Over 60 recipes to model and handle real-life biological data using modern libraries from the R ecosystem

Key Features

  • Apply modern R packages to handle biological data using real-world examples
  • Represent biological data with advanced visualizations suitable for research and publications
  • Handle real-world problems in bioinformatics such as next-generation sequencing, metagenomics, and automating analyses

Book Description

Handling biological data effectively requires an in-depth knowledge of machine learning techniques and computational skills, along with an understanding of how to use tools such as edgeR and DESeq. With the R Bioinformatics Cookbook, you'll explore all this and more, tackling common and not-so-common challenges in the bioinformatics domain using real-world examples.

This book will use a recipe-based approach to show you how to perform practical research and analysis in computational biology with R. You will learn how to effectively analyze your data with the latest tools in Bioconductor, ggplot, and tidyverse. The book will guide you through the essential tools in Bioconductor to help you understand and carry out protocols in RNAseq, phylogenetics, genomics, and sequence analysis. As you progress, you will get up to speed with how machine learning techniques can be used in the bioinformatics domain.

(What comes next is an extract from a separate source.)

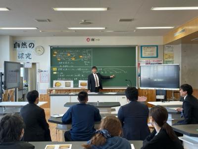 放課後、教職員の校内研修が行われました。澤先生が先生役をし、先生方が生徒となり授業を行いました。市教委から、竹森指導主事が来校され、授業や指導案作成のポイントについて指導していただきました。

You will gradually develop key computational skills such as creating reusable workflows in R Markdown and packages for code reuse.

By the end of this book, you'll have gained a solid understanding of the most important and widely used techniques in bioinformatic analysis and the tools you need to work with real biological data.

What you will learn

  • Employ Bioconductor to determine differential expressions in RNAseq data
  • Run SAMtools and develop pipelines to find single nucleotide polymorphisms (SNPs) and Indels
  • Use ggplot to create and annotate a range of visualizations
  • Query external databases with Ensembl to find functional genomics information
  • Execute large-scale multiple sequence alignment with DECIPHER to perform comparative genomics
  • Use d3.js and Plotly to create dynamic and interactive web graphics
  • Use k-nearest neighbors, support vector machines and random forests to find groups and classify data

Who this book is for

This book is for bioinformaticians, data analysts, researchers, and R developers who want to address intermediate-to-advanced biological and bioinformatics problems by learning through a recipe-based approach. Working knowledge of R programming language and basic knowledge of bioinformatics are prerequisites.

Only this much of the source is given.